🤖 AI Summary
Existing polarization imaging methods optimize only photometric fidelity during demosaicking, disregarding the requirements of downstream tasks, which leads to incomplete reconstructions and suboptimal performance. This work proposes PolarAPP, a novel framework that, for the first time, enables end-to-end joint optimization of polarization demosaicking and downstream tasks. PolarAPP ensures semantic consistency through a task-oriented feature alignment mechanism and introduces an equivalent imaging constraint that obviates data rearrangement while directly regressing physically meaningful outputs. Task-specific fine-tuning further enhances accuracy. Experiments demonstrate that the proposed method significantly outperforms existing approaches in both demosaicking quality and multiple downstream tasks, thereby transcending the conventional task-agnostic reconstruction paradigm.
📝 Abstract
Polarimetric imaging enables advanced vision applications such as normal estimation and de-reflection by capturing unique surface-material interactions. However, existing applications (alternatively called downstream tasks) rely on datasets constructed by naively regrouping raw measurements from division-of-focal-plane sensors, where pixels of the same polarization angle are extracted and aligned into sparse images without proper demosaicking. This reconstruction strategy results in suboptimal, incomplete targets that limit downstream performance. Moreover, current demosaicking methods are task-agnostic, optimizing only for photometric fidelity rather than utility in downstream tasks. Towards this end, we propose PolarAPP, the first framework to jointly optimize demosaicking and its downstream tasks.
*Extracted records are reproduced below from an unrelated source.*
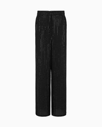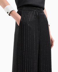 Stylish wide silk trousers with a smooth waistband, concealed closure and side pockets. The style is embellished with rich embroidery made with matching baguettes and sequins, creating a very bright pinstriped motif. A sophisticated offering, designed for finishing evening looks with a special touch. <br>The garment is part of the Holiday selection, which plays with a minimalist colour palette of black and white, colours that have always been a symbol of sophistication. A colour choice found in the fabrics, embroideries and accessories that express the essence of Armani spirit, distinguished by clean, androgynous-inspired lines, that are still always feminine and sensual. Smooth waistband Concealed zip-and-hook closure Two side slant pockets All-over embroidery with matching baguettes and sequins creating a pinstriped motif Unlined Length: 110 cm from the waist Made in Italy Product Code: GW001542AF19945ZZ017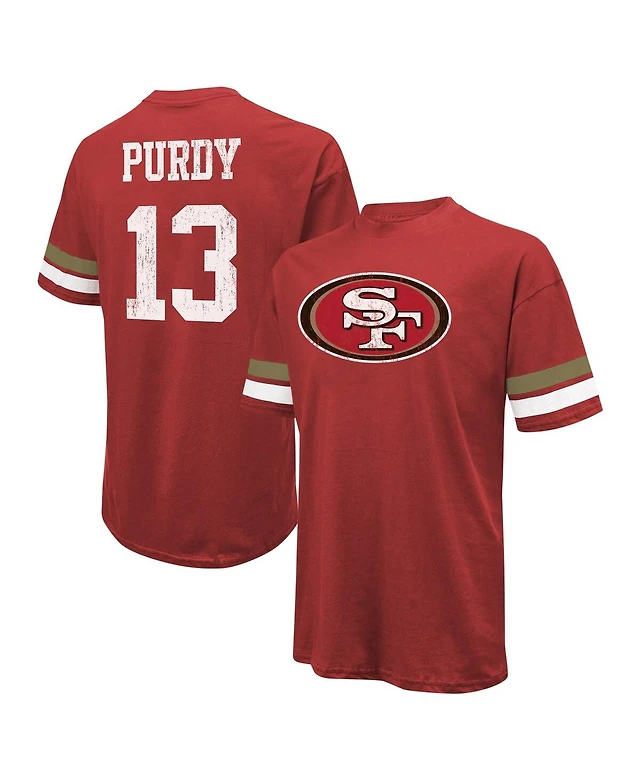 Men's Majestic Threads Brock Purdy Scarlet Distressed San Francisco 49ers Name and Number Oversize Fit T-shirt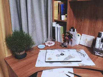 书桌是我们每个人停留时间最长的地方,也是学习、休息和娱乐的一暇天地。我的这一隅之地,既井井有条的堆满课本,也满满当当的摆满了小物件。每天我都在自己温馨雅致的书桌时前进行线上网课学习,当在为绘图时灵感枯竭而抓耳挠腮不知从何下笔时,看到自己书架上整齐有序的书籍时也感到份外的安心。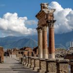 The Forum of Pompeii was the heart of the city’s public life and occupied a vast area, sufficient to accommodate the entire population of Pompeii. The Temple of Apollo is believed to be the oldest temple in Pompeii, built around 575-550 BC. It was surrounded by 28 Corinthian columns, two of which remain today. Pompeii’s residential buildings, such as the House of the Tragic Poet, the House of the Faun, the House of the Vettii, and the House of the Surgeon, are characterized by unique interior details, such as mosaic floors and frescoes depicting Greek mythology. Various thermal baths, as well as bakeries, wool workshops, and other artisan workshops, have also been discovered within the complex.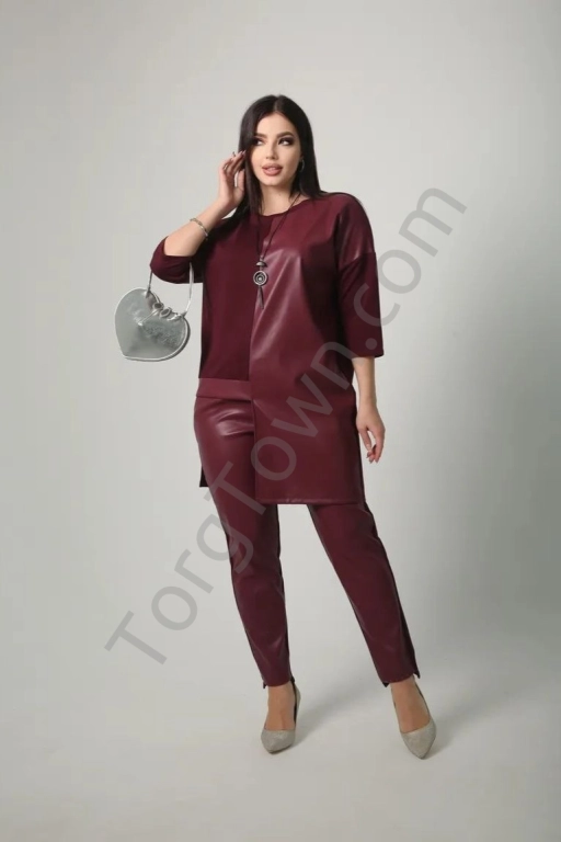 Комбінований костюм двійка: лосини + туніка Розміри: 48-50, 52-54, 56-58, 60-62 Тканина: двонитка + екошкіра Кольори: чорний, шоколад, смарагд Лосини зручні, з поясом на резинці. Кофта: 48-50: ОГ 108, ОС 108, Довжина туніки 60/80 см, Рукав від горловини 56 см 52-54: ОГ 114, ОС 116, Довжина туніки 60/80 см, Рукав від горловини 58 см 56-58: ОГ 122, ОС 124, Довжина туніки 60/80 см, Рукав від горловини 60 см 60-62: ОГ 130, ОС 132, Довжина туніки 60/80 см, Рукав від горловини 62 см Лосини: 48-50: ОТ 76, ОС 106, Довжина 102 см 52-54: ОТ 82, ОС 114, Довжина 102 см 56-58: ОТ 90, ОС 120, Довжина 102 см 60-62: ОТ 98, ОС 128, Довжина 102 см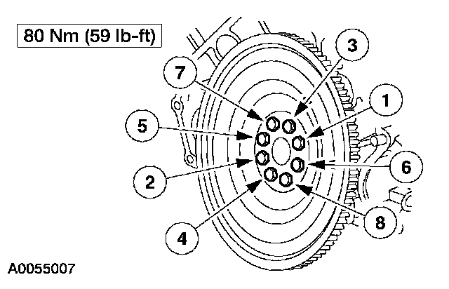 84. Position the flexplate and install the bolts in the sequence shown.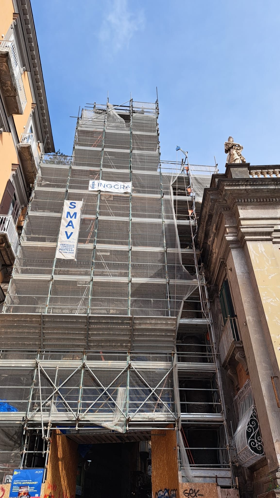 Port'Alba, la porta monumentale di Napoli, vicino a piazza Dante, è ancora ingabbiata dalle reti protettive a causa dei dissesti dopo i crolli di calcinacci del 2015. Nuovo progetto del Comune e della Soprintendenza per il restauro.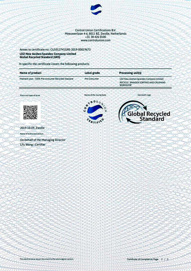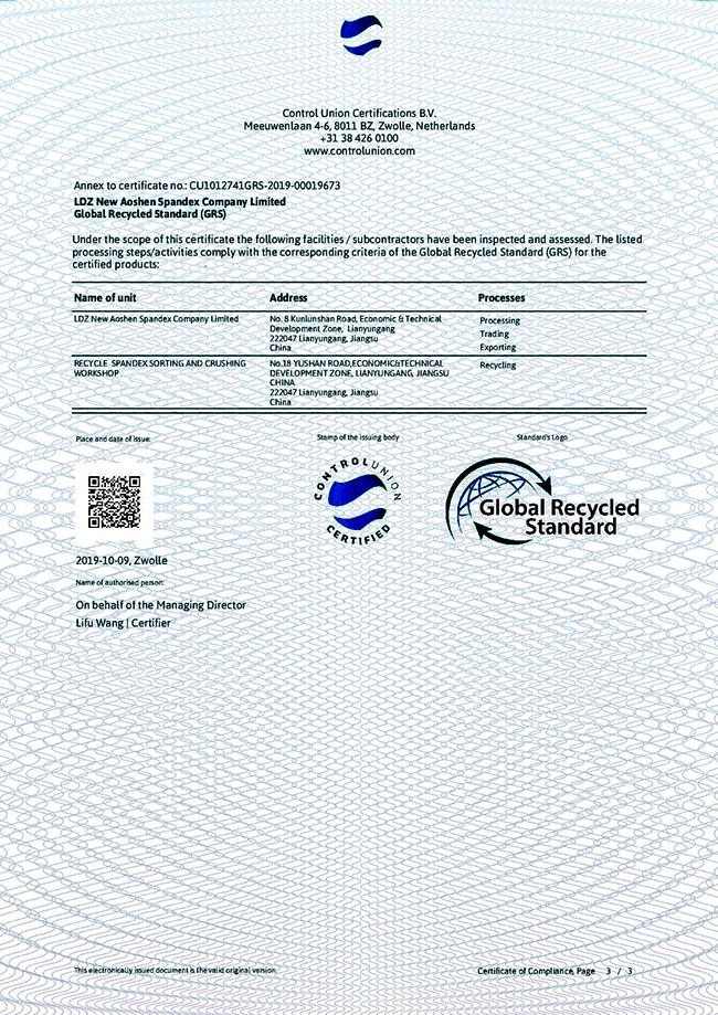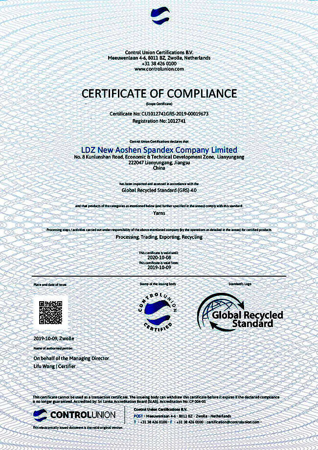 2019年10月9日,连云港杜钟新奥神氨纶有限公司通过全球回收标准认证,取得GRS证书,即获得对再生氨纶纤维生产的资质,可根据客户需要提供贸易证书(TC)和全球认可的GRS吊牌。

PolarAPP introduces a feature alignment mechanism that semantically aligns the representations of demosaicking and downstream networks via meta-learning, guiding the reconstruction to be task-aware. It further employs an equivalent imaging constraint for demosaicking training, enabling direct regression to physically meaningful outputs without relying on rearranged data. Finally, a task-refinement stage fine-tunes the task network using the stable demosaicking front-end to further enhance accuracy. Extensive experimental results demonstrate that PolarAPP outperforms existing methods in both demosaicking quality and downstream performance. Code is available upon acceptance.